Regarding uranium, I actually live in an area where it was once mined the land bears the scars. Nobody really remembers how much rock was cut, crushed and hauled away by train in the day.
But this always brings this to mind: why are we not investing in technology to harvest lithium from salt water? I remember hearing it was a viable option growing up.
yes qyron
lithium remains a crucial element in the realm of emerging battery technologies, despite the evolution and diversification of battery chemistries. Lithium-ion batteries, which utilize lithium as a core component, have dominated the energy storage landscape for decades due to their high energy density, reliability, and widespread use in various applications, including consumer electronics, electric vehicles, and renewable energy storage.
I agree, especially with respect to batteries. It’s not about nuclear vs renewables, it’s about nuclear vs batteries. We can probably scale up energy storage to meet the world’s baseload needs - but we haven’t done that before. It might take a long time, we might hit some dead ends, and it might not end up being as cheap as we hope. But we have seen nuclear power on a large scale so we know what it takes.

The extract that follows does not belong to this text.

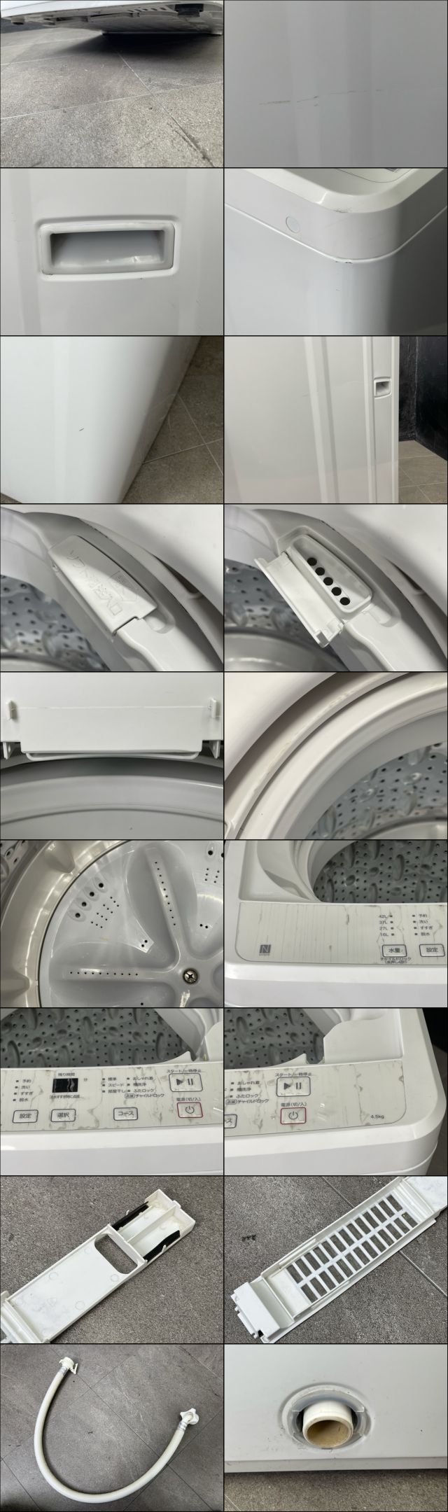 状態チェック担当者のコメント 使用に伴うスレ傷があります。 内部の洗濯洗剤容器と排水ホースが欠品しています。 洗濯洗剤はそのまま洗濯槽に入れる事になります。 天面の蓋には薄い小傷があり、ボタン周辺一体にヒビや浮きがあり、隙間が黒くなっています。 (正面向かって)左側角や背面左側角に黒い傷、右側には白い傷があります。 動作 動作ランク A 動作問題なし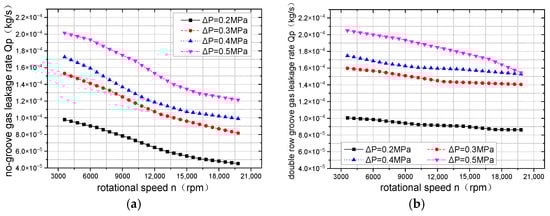 Figure 9 shows the leakage rates of two types of grooves under different pressure differential in experiments. In Figure 9a, when the pressure differential is 0.2 MPa and 0.3 MPa, the leakage rate of the no-groove gas film changes similarly, and it decreases with an increase in rotational speed. When the pressure differential is 0.4 MPa and 0.5 MPa, the leakage rates decrease with an increase in rotational speed. When the rotational speed exceeds 15,000 rpm, the leakage rate gradually stabilizes. In Figure 9b, when the pressure differential is 0.2 MPa, 0.3 MPa, and 0.4 MPa, the leakage rate slowly decreases with an increase in speed for the two double-row grooves. However, when the pressure differential is 0.5 MPa, the leakage rate rapidly decreases with an increase in rotational speed. Overall, the leakage rate of both grooves decreases with an increase in rotational speed. The larger the pressure differential, the greater the leakage.

To be certain we can get zero carbon as soon as possible we should pursue every promising avenue.
Also note that the cost of, for example, solar energy has decreased 94% in the last 35 years because we have (rightly) put lots of resources into research and scaling up production. Meanwhile nuclear investment has been way down for decades. Maybe the cost of nuclear would come down with economies of scale, and newer designs.
Diverting resources from solar and wind which are growing ~25-50% and currently 2EJ/yr per year to nuclear is a net loss given that a 20 year build up of the nuclear industry resulted in <1EJ/yr increase in the 80s. By the time any new reactor is online, the annual production of new PV will exceed the entire nuclear fleet builtnover 70 years.
Just the first fuel load for that much nuclear requires more than doubling uranium mining. Not to mention the iridium, gadolinium etc. or anything outside the core. And this is in uranium resources that are significantly worse than those currently being mined.
The “so much copper” for solar is about 0.4kg/kW for distributed (10% of current mining would cover all electricity in 2 years).
Similarly current lithium production is producing about 1TWh/yr of batteries. 10 years of that is overkill for lithium’s role in grid storage (although about an order of magnitude more is needed if the goal is for everyone to have an EV and we ignore sodium ion, both unrelated to cancelling renewable projects and instead pretendingnto build a nuclear reactor).
You’re also making fossil fuels seem like a bigger contributer than they are. 1J of electricity will provide 5J of space heating or the same travel distance as 5-8J burnt to refine petrol and make an ICE car go. 20% hydro/renewables/nuclear means that only 50% of the actual stuff done is via fossil fuels. Which is not to say heat pumps and electrified transport are trivial transitions, but they are necessary either way.